=== Work to be completed ===
Retype, exactly and with both ends included, the lines below from the one containing "Create a casual" through the end; omit the pictures.

=== Given data ===
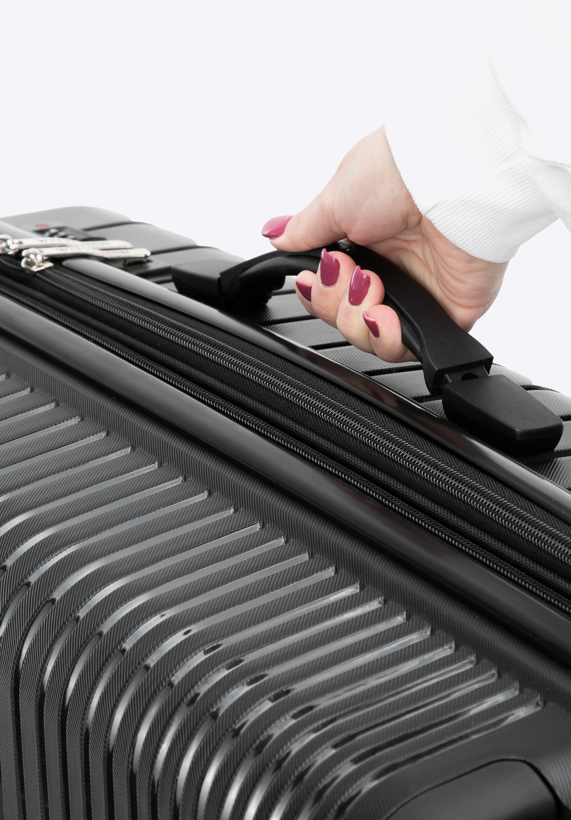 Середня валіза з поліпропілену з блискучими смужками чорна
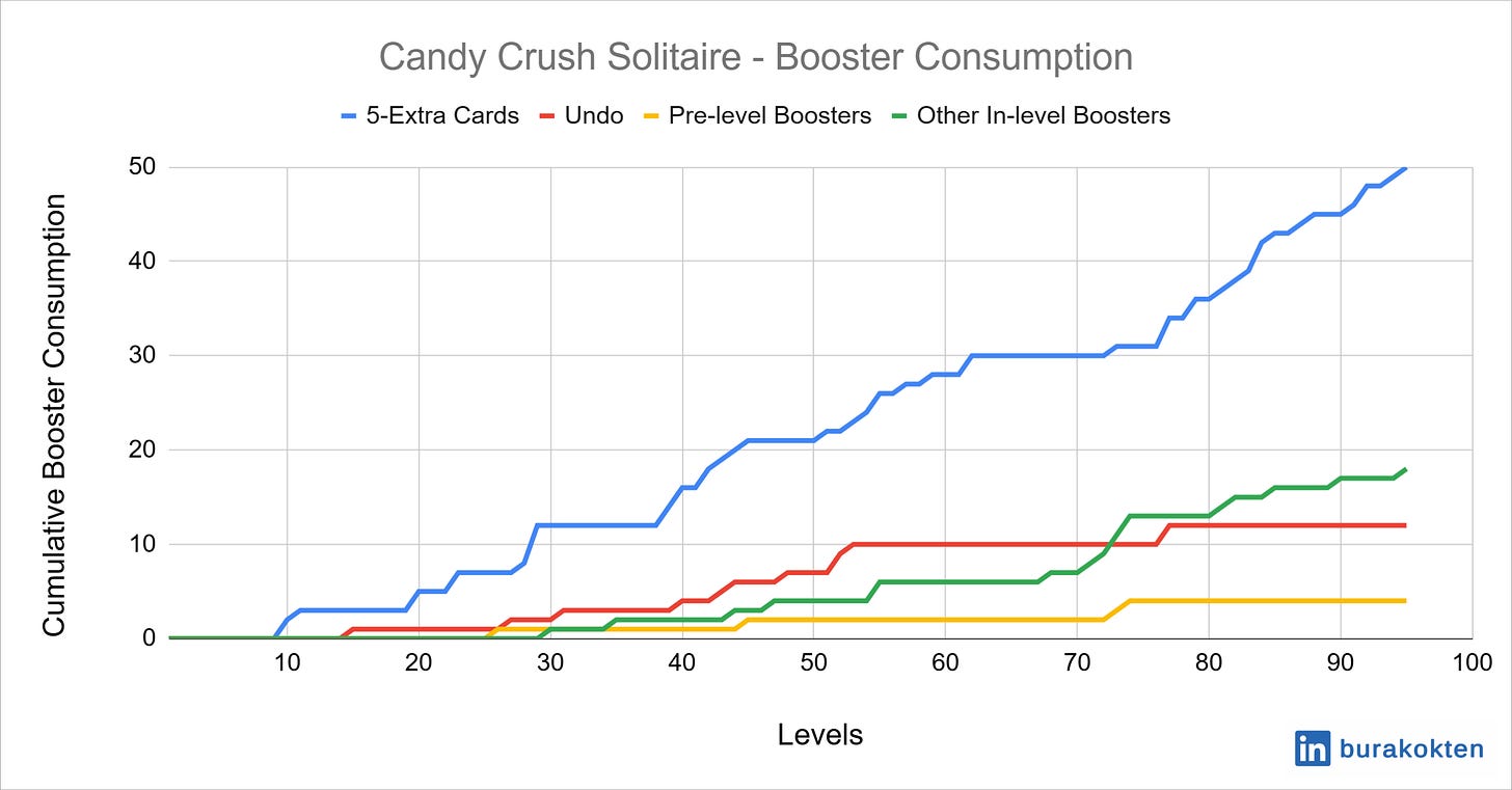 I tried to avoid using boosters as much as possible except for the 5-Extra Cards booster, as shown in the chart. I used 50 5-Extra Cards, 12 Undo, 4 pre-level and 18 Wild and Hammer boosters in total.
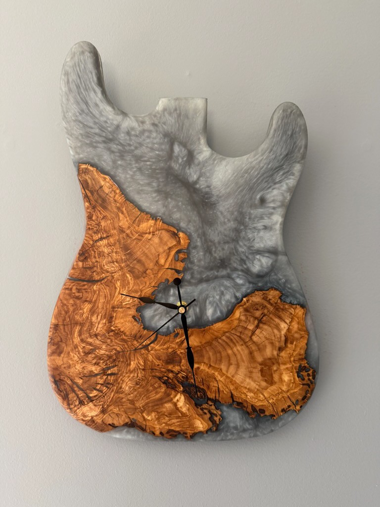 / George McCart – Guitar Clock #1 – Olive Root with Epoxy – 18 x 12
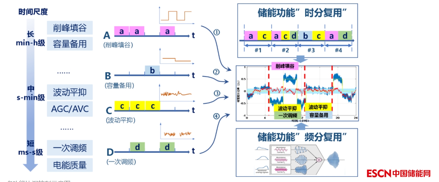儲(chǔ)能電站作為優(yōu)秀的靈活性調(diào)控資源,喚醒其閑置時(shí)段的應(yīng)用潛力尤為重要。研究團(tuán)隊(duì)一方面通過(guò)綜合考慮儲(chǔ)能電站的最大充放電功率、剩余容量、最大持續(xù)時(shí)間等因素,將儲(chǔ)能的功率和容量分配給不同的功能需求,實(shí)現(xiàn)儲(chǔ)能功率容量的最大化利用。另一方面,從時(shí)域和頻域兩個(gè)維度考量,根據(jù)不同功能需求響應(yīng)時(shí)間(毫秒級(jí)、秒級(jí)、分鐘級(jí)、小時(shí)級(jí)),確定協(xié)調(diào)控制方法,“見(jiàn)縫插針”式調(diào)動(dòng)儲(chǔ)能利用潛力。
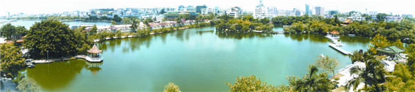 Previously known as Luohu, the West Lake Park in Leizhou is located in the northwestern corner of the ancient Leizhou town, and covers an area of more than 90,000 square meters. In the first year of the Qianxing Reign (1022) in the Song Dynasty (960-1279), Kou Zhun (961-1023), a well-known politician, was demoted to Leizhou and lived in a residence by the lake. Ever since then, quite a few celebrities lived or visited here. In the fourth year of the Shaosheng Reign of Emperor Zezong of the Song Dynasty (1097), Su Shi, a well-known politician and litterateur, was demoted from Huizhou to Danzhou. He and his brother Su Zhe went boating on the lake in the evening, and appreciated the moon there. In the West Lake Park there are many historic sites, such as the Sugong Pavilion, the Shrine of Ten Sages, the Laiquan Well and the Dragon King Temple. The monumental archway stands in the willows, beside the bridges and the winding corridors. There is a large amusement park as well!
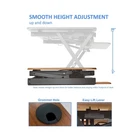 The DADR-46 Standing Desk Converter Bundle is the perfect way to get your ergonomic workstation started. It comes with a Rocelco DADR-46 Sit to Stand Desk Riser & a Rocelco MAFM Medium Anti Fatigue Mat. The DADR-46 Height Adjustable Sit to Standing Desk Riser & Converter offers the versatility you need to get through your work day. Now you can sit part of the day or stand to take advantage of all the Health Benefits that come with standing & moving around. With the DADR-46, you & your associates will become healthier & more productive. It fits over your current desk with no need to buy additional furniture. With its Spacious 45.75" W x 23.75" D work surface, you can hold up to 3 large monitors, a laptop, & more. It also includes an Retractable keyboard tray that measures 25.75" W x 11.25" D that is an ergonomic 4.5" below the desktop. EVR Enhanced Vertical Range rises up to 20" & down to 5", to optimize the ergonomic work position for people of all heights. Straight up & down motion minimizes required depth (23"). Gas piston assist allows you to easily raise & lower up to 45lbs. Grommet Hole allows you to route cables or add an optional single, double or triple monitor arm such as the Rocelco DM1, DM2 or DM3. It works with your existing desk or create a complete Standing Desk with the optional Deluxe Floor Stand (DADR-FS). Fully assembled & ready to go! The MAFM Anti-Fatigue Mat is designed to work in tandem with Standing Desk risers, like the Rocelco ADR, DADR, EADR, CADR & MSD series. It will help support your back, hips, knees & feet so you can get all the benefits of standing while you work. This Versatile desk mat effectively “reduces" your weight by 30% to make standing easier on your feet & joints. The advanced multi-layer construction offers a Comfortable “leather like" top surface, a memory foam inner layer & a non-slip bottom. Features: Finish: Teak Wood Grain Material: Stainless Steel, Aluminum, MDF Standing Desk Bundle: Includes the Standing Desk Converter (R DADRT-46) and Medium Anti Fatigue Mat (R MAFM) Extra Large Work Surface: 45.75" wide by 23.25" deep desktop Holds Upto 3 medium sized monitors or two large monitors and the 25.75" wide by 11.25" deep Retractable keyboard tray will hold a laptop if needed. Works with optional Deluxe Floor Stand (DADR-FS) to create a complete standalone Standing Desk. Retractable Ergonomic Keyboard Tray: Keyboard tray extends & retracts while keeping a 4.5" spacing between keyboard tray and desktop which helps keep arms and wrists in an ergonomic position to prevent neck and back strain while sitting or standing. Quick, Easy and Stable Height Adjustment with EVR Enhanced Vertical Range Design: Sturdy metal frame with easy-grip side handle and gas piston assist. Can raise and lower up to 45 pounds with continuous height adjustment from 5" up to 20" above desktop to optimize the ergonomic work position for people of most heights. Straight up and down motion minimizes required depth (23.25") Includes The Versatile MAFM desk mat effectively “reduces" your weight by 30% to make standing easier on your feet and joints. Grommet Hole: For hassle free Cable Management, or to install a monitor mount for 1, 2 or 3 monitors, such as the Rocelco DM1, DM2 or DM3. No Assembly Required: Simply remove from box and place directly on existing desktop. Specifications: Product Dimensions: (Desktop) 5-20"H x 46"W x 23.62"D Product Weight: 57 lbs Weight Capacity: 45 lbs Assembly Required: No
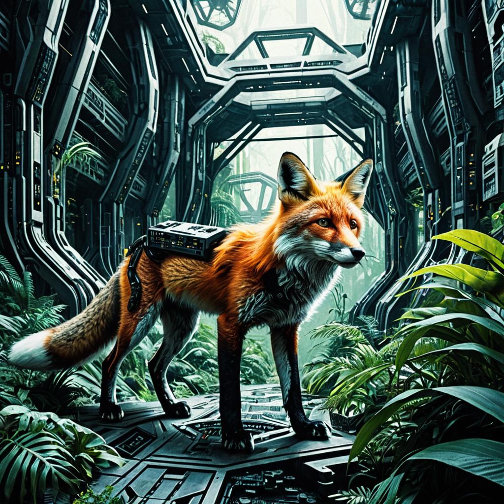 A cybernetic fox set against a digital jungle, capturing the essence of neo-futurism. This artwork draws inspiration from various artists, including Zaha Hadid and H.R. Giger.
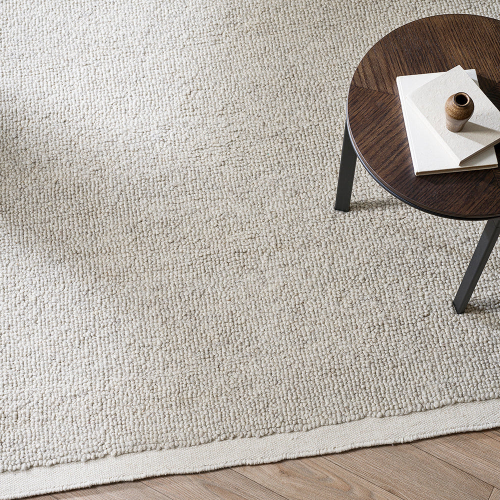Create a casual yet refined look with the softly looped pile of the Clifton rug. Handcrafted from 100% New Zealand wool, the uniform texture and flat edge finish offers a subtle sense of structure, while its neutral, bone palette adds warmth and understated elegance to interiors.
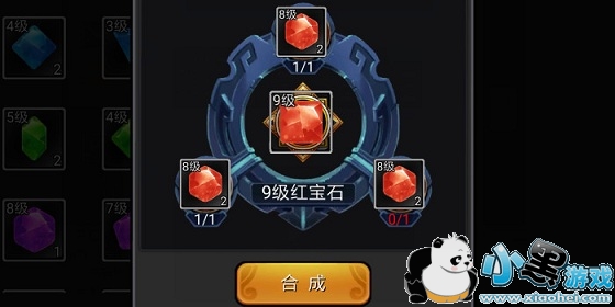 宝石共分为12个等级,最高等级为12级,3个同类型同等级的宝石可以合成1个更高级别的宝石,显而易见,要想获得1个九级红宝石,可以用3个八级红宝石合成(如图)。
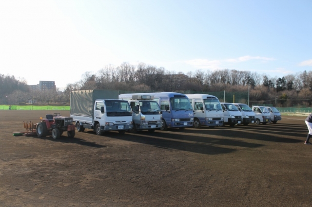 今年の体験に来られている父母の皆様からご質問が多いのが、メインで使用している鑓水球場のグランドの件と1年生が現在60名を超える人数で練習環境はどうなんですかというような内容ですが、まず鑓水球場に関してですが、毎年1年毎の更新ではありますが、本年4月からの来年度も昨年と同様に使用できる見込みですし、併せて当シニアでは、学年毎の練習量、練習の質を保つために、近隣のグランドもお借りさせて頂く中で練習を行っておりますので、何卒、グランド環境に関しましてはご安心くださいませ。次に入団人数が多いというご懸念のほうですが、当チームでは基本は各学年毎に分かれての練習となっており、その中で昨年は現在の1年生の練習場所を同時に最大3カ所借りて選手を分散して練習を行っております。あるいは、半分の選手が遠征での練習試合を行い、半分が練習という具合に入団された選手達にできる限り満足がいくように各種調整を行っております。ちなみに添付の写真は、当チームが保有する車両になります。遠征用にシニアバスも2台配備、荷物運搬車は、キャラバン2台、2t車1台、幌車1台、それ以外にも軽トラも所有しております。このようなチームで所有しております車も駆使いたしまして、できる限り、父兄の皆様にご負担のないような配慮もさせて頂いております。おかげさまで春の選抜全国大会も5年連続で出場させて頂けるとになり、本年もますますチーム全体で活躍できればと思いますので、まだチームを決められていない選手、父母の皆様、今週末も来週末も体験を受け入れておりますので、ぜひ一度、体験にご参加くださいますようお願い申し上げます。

=== Output of the task ===
Create a casual yet refined look with the softly looped pile of the Clifton rug. Handcrafted from 100% New Zealand wool, the uniform texture and flat edge finish offers a subtle sense of structure, while its neutral, bone palette adds warmth and understated elegance to interiors.
 宝石共分为12个等级,最高等级为12级,3个同类型同等级的宝石可以合成1个更高级别的宝石,显而易见,要想获得1个九级红宝石,可以用3个八级红宝石合成(如图)。
 今年の体験に来られている父母の皆様からご質問が多いのが、メインで使用している鑓水球場のグランドの件と1年生が現在60名を超える人数で練習環境はどうなんですかというような内容ですが、まず鑓水球場に関してですが、毎年1年毎の更新ではありますが、本年4月からの来年度も昨年と同様に使用できる見込みですし、併せて当シニアでは、学年毎の練習量、練習の質を保つために、近隣のグランドもお借りさせて頂く中で練習を行っておりますので、何卒、グランド環境に関しましてはご安心くださいませ。次に入団人数が多いというご懸念のほうですが、当チームでは基本は各学年毎に分かれての練習となっており、その中で昨年は現在の1年生の練習場所を同時に最大3カ所借りて選手を分散して練習を行っております。あるいは、半分の選手が遠征での練習試合を行い、半分が練習という具合に入団された選手達にできる限り満足がいくように各種調整を行っております。ちなみに添付の写真は、当チームが保有する車両になります。遠征用にシニアバスも2台配備、荷物運搬車は、キャラバン2台、2t車1台、幌車1台、それ以外にも軽トラも所有しております。このようなチームで所有しております車も駆使いたしまして、できる限り、父兄の皆様にご負担のないような配慮もさせて頂いております。おかげさまで春の選抜全国大会も5年連続で出場させて頂けるとになり、本年もますますチーム全体で活躍できればと思いますので、まだチームを決められていない選手、父母の皆様、今週末も来週末も体験を受け入れておりますので、ぜひ一度、体験にご参加くださいますようお願い申し上げます。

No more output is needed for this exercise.